Selection of the Gene Assembly Involved in Angiogenesis.

Based on the clustering results, we selected the statistically most significantly inversely regulated genes from the microarray data. Using significance analysis of microarrays, 2,370 transcripts were significantly inversely regulated in endothelium after defined pro- and antiangiogenic treatments. These transcripts provided the candidate genes for angiogenic signaling (false discovery rate ≤1%; Fig. 1B). From these transcripts, 1,230 (≈600 unique genes with locus link ID) were significantly up-regulated after treatment with endostatin and simultaneously down-regulated after treatment with VEGF, bFGF, and VEGF+bFGF (P < 0.01) and were thus categorized as participants in antiangiogenic signaling. Conversely, 1,140 transcripts (≈550 unique genes with locus link ID) down-regulated after endostatin treatment were found to be up-regulated after VEGF, bFGF, and VEGF+bFGF treatment and were categorized as participants in proangiogenic signaling. For independent confirmation of array results, the expression patterns of six selected genes were confirmed by quantitative RT-PCR (Fig. 1C). The gene selection was based on critical involvement within the angiogenic network [hub nodes: PPARδ, STAT3, MMP1, and FLICE-like inhibitory protein (c-FLIP)] or interesting submodule [apoptosis and resistance, cFLIP, and UDP-glucose ceramide glucosyltransferase (UGCG); see below].

Interestingly, among the many genes with putative angiogenic function, the adenomatosis polyposis coli (APC) gene was classified as antiangiogenic, whereas PPARδ, STAT3, MMP1, c-FLIP, and UGCG were classified as proangiogenic. For a list of antiangiogenic genes, see also supporting information (SI) Text.

Identification of an Angiogenesis Gene Regulatory Network.

To investigate whether the inversely regulated genes in endothelium are interlinked within a broader “signaling network,” we analyzed the selected putative proangiogenic genes. We then constructed a genetic network representing the shift of the angiogenic balance to the proangiogenic state in endothelial cells (Fig. 2; see also SI Fig. 5); in the initial step of the construction, we searched and analyzed direct interactions between the inversely regulated genes by using information extracted from the published experimental literature and from the entire National Center for Biotechnology Information–PubMed database. Thus we established a large number of direct connections between genes and respective proteins.
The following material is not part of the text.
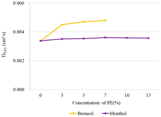 where is the average mean square displacement of 5-FU molecular along the axis of z at time t. In this work, we employed 3000 configurations across 300 ns simulation time to perform the calculation over all 5-FU molecule (Figure 4). For menthol, no distinct changes in diffusion coefficient were observed with increasing PE concentrations, indicating that menthol imparts minimal effects on 5-FU diffusion. However, for borneol, the diffusion coefficient of 5-FU immediately increased in the presence of borneol, implying that borneol improves the permeation of 5-FU into the bilayer. Although the diffusion coefficient increased with higher PE concentrations, the rate of increase was minimal, suggesting that some other mechanism may be responsible for the stronger penetration-enhancement effect of borneol at concentrations >10%.

This set of interactions also defined the cellular potential for the assembly of protein complexes, signaling, and effector pathways. By positioning the expression data onto known experimentally verified physical interactions, we restricted all possible associations between the regulated genes from our microarray expression data to those that are considered to be physically possible in the cell. This approach led to the generation of condition-specific functional “signature networks,” which comprised sets of functional pathways organized into a metanetwork. Because the interpretation of the generated network depends on the context, here angiogenesis, with genes chosen for putative proangiogenic function, the resulting network likely represents the shift of the angiogenic balance to a specific condition, namely the proangiogenic state in endothelial cells.

Fig. 2.

Fig. 2.

Angiogenic signaling network. A gene regulatory network constructed from inversely regulated proangiogenic genes. All presented genes are down-regulated after endostatin although up-regulated after VEGF/bFGF treatment (except APC gene; arrow demonstrates opposite regulation). The direction of gene regulation and the high degree of cooperative networking between the selected genes point to a switchable angiogenic network. The concerted up-regulation of the network genes indicates the proangiogenic state (On). Highlighted are gene interactions based on promotor-binding site (green connection lines), protein modification (yellow connection lines), protein–protein binding (violet connection lines), gene expression (blue connection lines), and gene regulation (black connection lines). Two signaling pathways, STAT3 (yellow circles) and PPARδ/β-catenin (red shadows), are highlighted and demonstrate the interconnectedness of the pathways within the angiogenic network.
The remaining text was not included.